2. The symbol indices could be invalidated if e.g. `llvm-strip` ran on
the object file. See discussion [here][1].
To fix both these issues, we use symbol relocations instead of encoding
symbol indices directly in the section contents. The section itself
doesn't contain any data.
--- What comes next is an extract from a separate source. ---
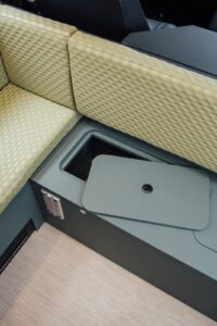 Au salon, la banquette – transformable en lit – a été confectionné sur-mesure par un sous-traitant. Elle a recours à un capitonnage et un tissu haut de gamme. La quincaillerie, de son côté, est de type marine. Pour le reste, voici un aperçu des principaux équipements de bord :
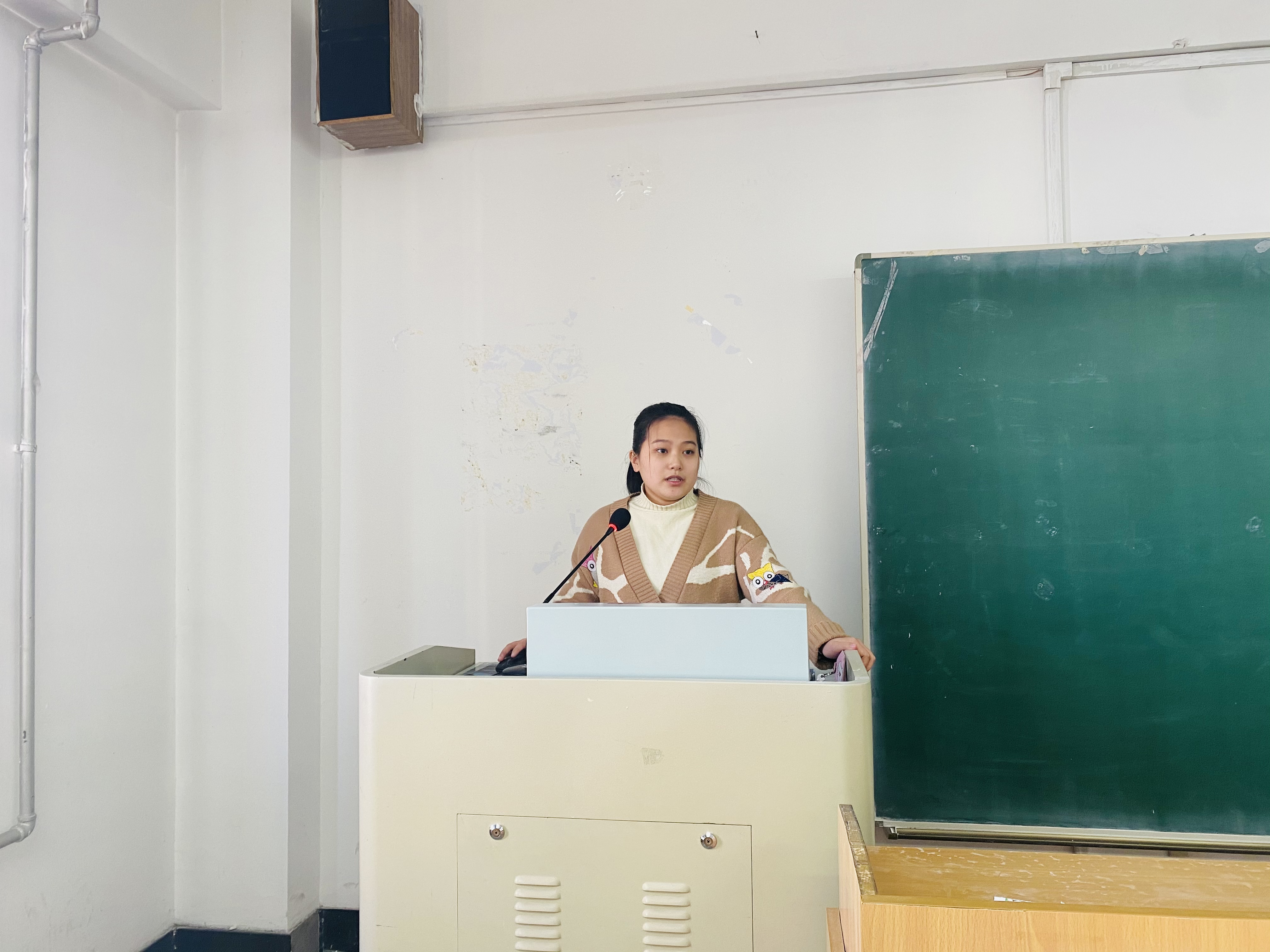 2018级学生党员陈倩瑶同学从“谁是先锋模范”、“先锋模范要做到什么”、“怎样成为先锋模范”三个方面进行讲述,她鼓励同学们在各个方面发挥学生党员的模范带头作用,成为复合型人才。2018级学生党员孙卓楠同学提出了紧密联系群众的重要性,并通过讲述曹渊同志的事迹让大家明白了为什么党员要发挥先锋模范作用。2019级学生党员周瑞向同学们分享了近期的学习心得,同时结合自身经历,总结了如何在日常生活中发挥先锋模范作用。2019级党支部的徐畅同学为同学们总结了党员发挥先锋模范作用的途径和方法,并对发挥先锋模范作用提出了建议,“发挥学生党员的先锋模范作用,是每一个学生党员的责任与义务,是我们不懈追求的目标”。

That sidesteps the layout problem in addition
to solving the second issue.
The corresponding LLD change to read in this new format: {D128938}.
It will fix the icf-safe.ll test failure on this diff.
[1]: https://discourse.llvm.org/t/problems-with-mach-o-address-significance-table-generation/63392/
Reviewed By: #lld-macho, alx32
Differential Revision: https://reviews.llvm.org/D127637
Added:
Modified:
llvm/include/llvm/MC/MCMachObjectWriter.h
llvm/lib/MC/MCMachOStreamer.cpp
llvm/lib/MC/MachObjectWriter.cpp
llvm/test/CodeGen/AArch64/addrsig-macho.ll
Removed:
################################################################################
diff --git a/llvm/include/llvm/MC/MCMachObjectWriter.h b/llvm/include/llvm/MC/MCMachObjectWriter.h
index 149373dd2b541..15e4652bc05da 100644
--- a/llvm/include/llvm/MC/MCMachObjectWriter.h
+++ b/llvm/include/llvm/MC/MCMachObjectWriter.h
@@ -263,9 +263,9 @@ class MachObjectWriter : public MCObjectWriter {
const MCFragment &FB, bool InSet,
bool IsPCRel) const override;
- uint64_t writeObject(MCAssembler &Asm, const MCAsmLayout &Layout) override;
+ void populateAddrSigSection(MCAssembler &Asm);
- void writeAddrsigSection(MCAssembler &Asm);
+ uint64_t writeObject(MCAssembler &Asm, const MCAsmLayout &Layout) override;
};
/// Construct a new Mach-O writer instance.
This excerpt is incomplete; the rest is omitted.